*** Opening Exercise data ***
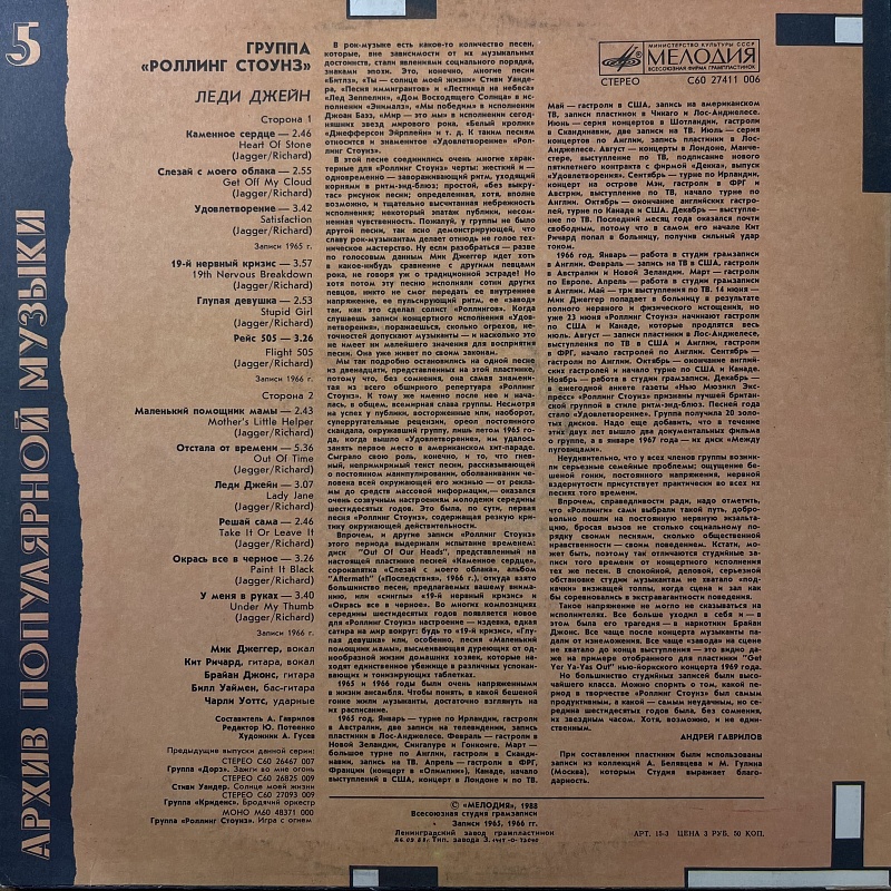 Товар Виниловая пластинка Исполнитель The Rolling Stones Наименование Леди Джейн = Lady Jane Каталожный номер С60 27411 006 Формат записи Сборник Количество пластинок 1 Размер пластинки 12" Цвет Red Labels Страна USSR Год записи 1988 год Год издания 1988 год Тип издания Оригинал Особенности Цветной винил -
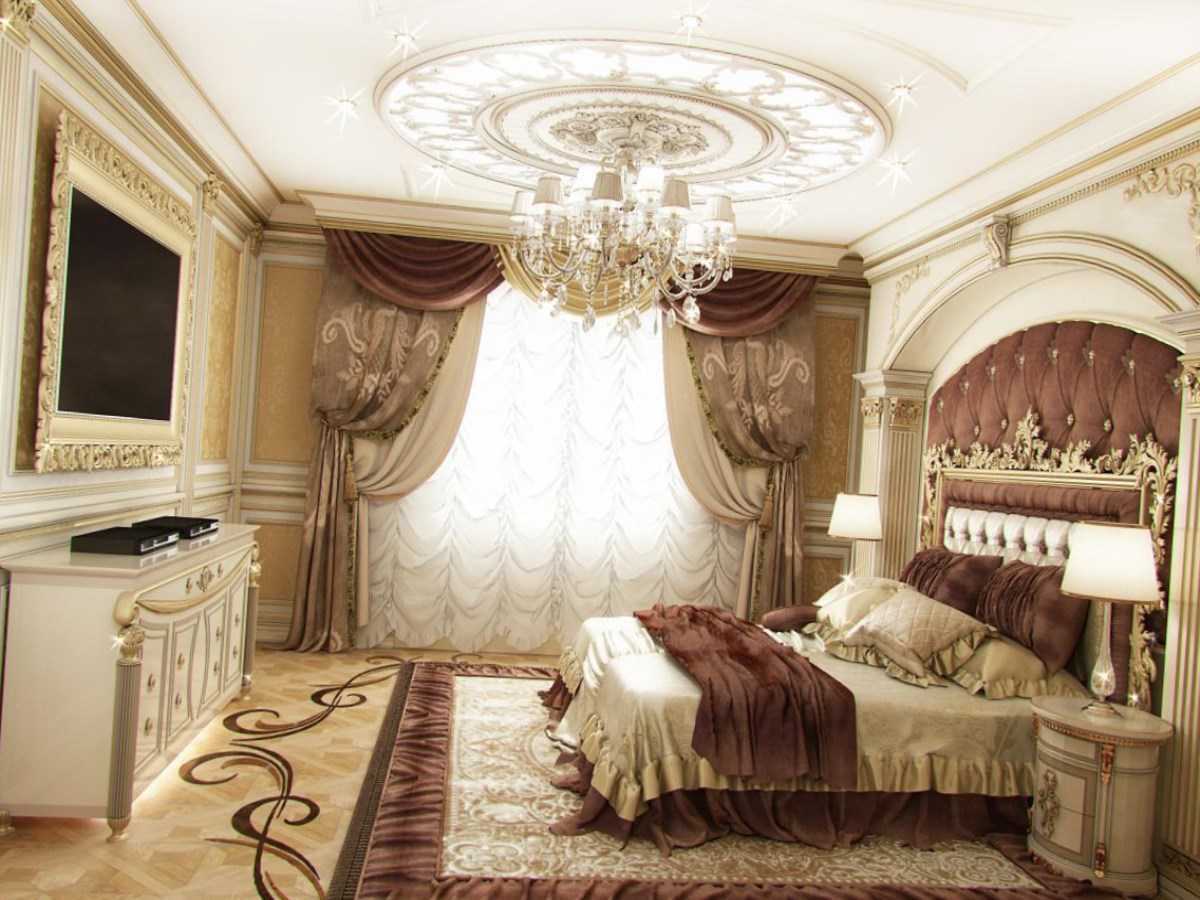 Классическое оформление спален лучше смотрится в просторных помещениях с большими окнами и высокими потолками.
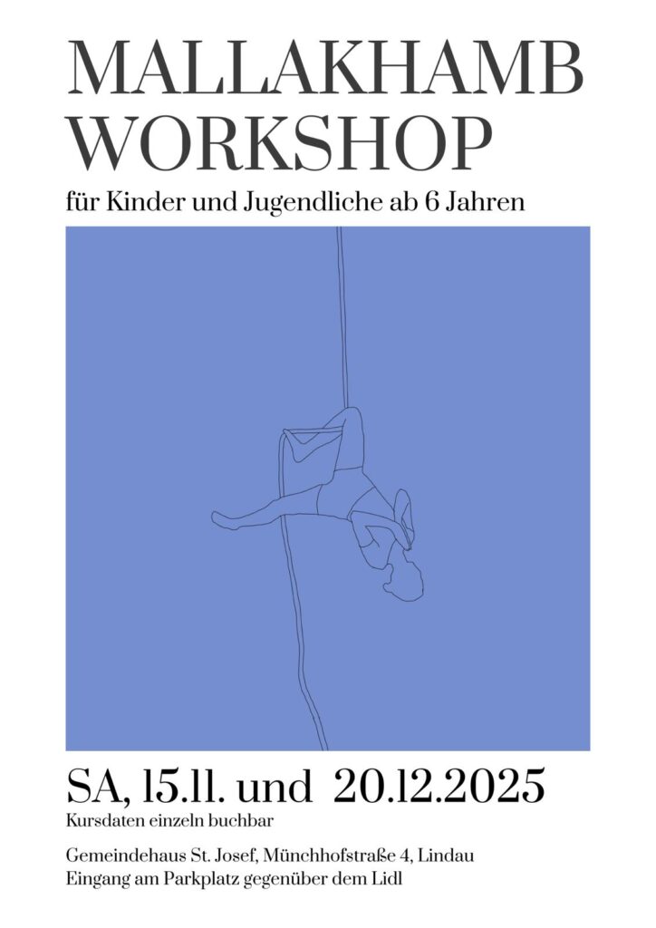 Mallakhamb ist eine Bewegungsschulung aus Indien, die von Ringern entwickelt wurde. Spielerisch werden Balance, Kraft, Ausdauer, Beweglichkeit, Geschicklichkeit, Flexibilität und Konzentration eingeübt. Yogahaltungen werden am Seil eingeübt. Am Ende jedes workshops findet eine kleine Vorführung für die Eltern und Geschwister statt.
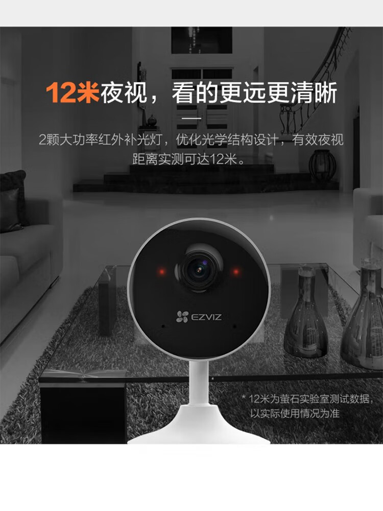 EZVIZ C1C 1080P camera wireless home network camera wireless wifi mobile phone intercom remote security surveillance camera night vision baby care monitor 32G memory card, upgrade to 64G after ordering, event recording takes about 6-8 days, next day delivery in some areas
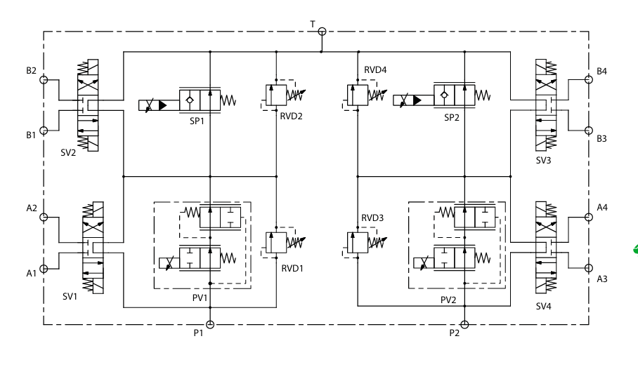 - SV1–SV4:三位四通电磁换向阀(3-position, 4-way directional solenoid valves)
*** Closing Exercise data ***
## Goal of the exercise
Transcribe nothing but the lines from the one containing "Классическое оформление спален" through the final line of the records, exactly as written and without pictures.

## Exercise result
 Классическое оформление спален лучше смотрится в просторных помещениях с большими окнами и высокими потолками.
 Mallakhamb ist eine Bewegungsschulung aus Indien, die von Ringern entwickelt wurde. Spielerisch werden Balance, Kraft, Ausdauer, Beweglichkeit, Geschicklichkeit, Flexibilität und Konzentration eingeübt. Yogahaltungen werden am Seil eingeübt. Am Ende jedes workshops findet eine kleine Vorführung für die Eltern und Geschwister statt.
 EZVIZ C1C 1080P camera wireless home network camera wireless wifi mobile phone intercom remote security surveillance camera night vision baby care monitor 32G memory card, upgrade to 64G after ordering, event recording takes about 6-8 days, next day delivery in some areas
 - SV1–SV4:三位四通电磁换向阀(3-position, 4-way directional solenoid valves)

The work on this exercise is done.